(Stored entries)
· · · · · · ·
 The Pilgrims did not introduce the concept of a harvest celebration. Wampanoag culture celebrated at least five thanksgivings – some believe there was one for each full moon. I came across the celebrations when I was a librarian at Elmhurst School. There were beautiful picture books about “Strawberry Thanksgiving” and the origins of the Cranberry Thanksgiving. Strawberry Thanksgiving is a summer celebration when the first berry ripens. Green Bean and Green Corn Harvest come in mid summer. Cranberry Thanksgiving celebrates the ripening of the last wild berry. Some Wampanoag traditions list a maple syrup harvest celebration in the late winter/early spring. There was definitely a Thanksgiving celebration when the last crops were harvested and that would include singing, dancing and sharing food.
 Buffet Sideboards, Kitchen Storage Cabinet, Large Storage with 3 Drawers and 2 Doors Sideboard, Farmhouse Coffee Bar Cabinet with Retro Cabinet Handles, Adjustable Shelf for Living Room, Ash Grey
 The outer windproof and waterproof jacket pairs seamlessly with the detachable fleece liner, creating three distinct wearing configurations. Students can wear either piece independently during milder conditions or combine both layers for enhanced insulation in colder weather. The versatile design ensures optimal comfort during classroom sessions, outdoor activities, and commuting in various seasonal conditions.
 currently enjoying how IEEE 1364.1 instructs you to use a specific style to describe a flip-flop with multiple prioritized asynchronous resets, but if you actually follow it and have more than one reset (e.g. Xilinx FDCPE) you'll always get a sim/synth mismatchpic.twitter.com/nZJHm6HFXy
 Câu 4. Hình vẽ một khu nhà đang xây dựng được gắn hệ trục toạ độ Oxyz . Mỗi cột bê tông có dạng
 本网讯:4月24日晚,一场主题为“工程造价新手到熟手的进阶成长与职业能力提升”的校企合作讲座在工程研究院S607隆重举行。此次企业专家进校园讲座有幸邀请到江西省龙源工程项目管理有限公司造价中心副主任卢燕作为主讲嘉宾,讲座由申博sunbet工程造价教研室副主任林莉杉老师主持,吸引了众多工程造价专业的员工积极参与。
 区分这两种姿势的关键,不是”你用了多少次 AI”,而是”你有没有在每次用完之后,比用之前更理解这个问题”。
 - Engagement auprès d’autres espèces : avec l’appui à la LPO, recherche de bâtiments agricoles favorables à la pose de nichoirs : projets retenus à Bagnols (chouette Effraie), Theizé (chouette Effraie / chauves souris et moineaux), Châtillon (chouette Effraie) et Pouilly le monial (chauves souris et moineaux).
· · · · · · ·
[Work to be completed] Copy every record above exactly as it appears.

[Result for this task]
 The Pilgrims did not introduce the concept of a harvest celebration. Wampanoag culture celebrated at least five thanksgivings – some believe there was one for each full moon. I came across the celebrations when I was a librarian at Elmhurst School. There were beautiful picture books about “Strawberry Thanksgiving” and the origins of the Cranberry Thanksgiving. Strawberry Thanksgiving is a summer celebration when the first berry ripens. Green Bean and Green Corn Harvest come in mid summer. Cranberry Thanksgiving celebrates the ripening of the last wild berry. Some Wampanoag traditions list a maple syrup harvest celebration in the late winter/early spring. There was definitely a Thanksgiving celebration when the last crops were harvested and that would include singing, dancing and sharing food.
 Buffet Sideboards, Kitchen Storage Cabinet, Large Storage with 3 Drawers and 2 Doors Sideboard, Farmhouse Coffee Bar Cabinet with Retro Cabinet Handles, Adjustable Shelf for Living Room, Ash Grey
 The outer windproof and waterproof jacket pairs seamlessly with the detachable fleece liner, creating three distinct wearing configurations. Students can wear either piece independently during milder conditions or combine both layers for enhanced insulation in colder weather. The versatile design ensures optimal comfort during classroom sessions, outdoor activities, and commuting in various seasonal conditions.
 currently enjoying how IEEE 1364.1 instructs you to use a specific style to describe a flip-flop with multiple prioritized asynchronous resets, but if you actually follow it and have more than one reset (e.g. Xilinx FDCPE) you'll always get a sim/synth mismatchpic.twitter.com/nZJHm6HFXy
 Câu 4. Hình vẽ một khu nhà đang xây dựng được gắn hệ trục toạ độ Oxyz . Mỗi cột bê tông có dạng
 本网讯:4月24日晚,一场主题为“工程造价新手到熟手的进阶成长与职业能力提升”的校企合作讲座在工程研究院S607隆重举行。此次企业专家进校园讲座有幸邀请到江西省龙源工程项目管理有限公司造价中心副主任卢燕作为主讲嘉宾,讲座由申博sunbet工程造价教研室副主任林莉杉老师主持,吸引了众多工程造价专业的员工积极参与。
 区分这两种姿势的关键,不是”你用了多少次 AI”,而是”你有没有在每次用完之后,比用之前更理解这个问题”。
 - Engagement auprès d’autres espèces : avec l’appui à la LPO, recherche de bâtiments agricoles favorables à la pose de nichoirs : projets retenus à Bagnols (chouette Effraie), Theizé (chouette Effraie / chauves souris et moineaux), Châtillon (chouette Effraie) et Pouilly le monial (chauves souris et moineaux).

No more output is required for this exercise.